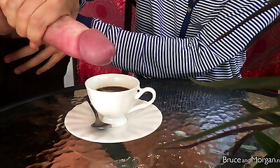 A urinate and cum breakfast ritual
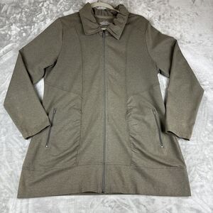 Nomadic Traders Long Sweatshirt Women's Large Taupe Ruched Collar Zip Up (1006)
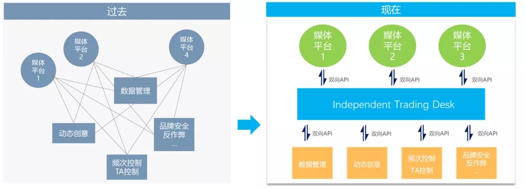 它们跟曾经的DSP看上去类似——DSP接入公共的流量交易市场,而ITD则与私有化的流量媒体通过API相连。

•••••

**Problem to solve**
Leave out the pictures and give the rest of the material again, unaltered.

**Written answer**
 A urinate and cum breakfast ritual
 Nomadic Traders Long Sweatshirt Women's Large Taupe Ruched Collar Zip Up (1006)
 它们跟曾经的DSP看上去类似——DSP接入公共的流量交易市场,而ITD则与私有化的流量媒体通过API相连。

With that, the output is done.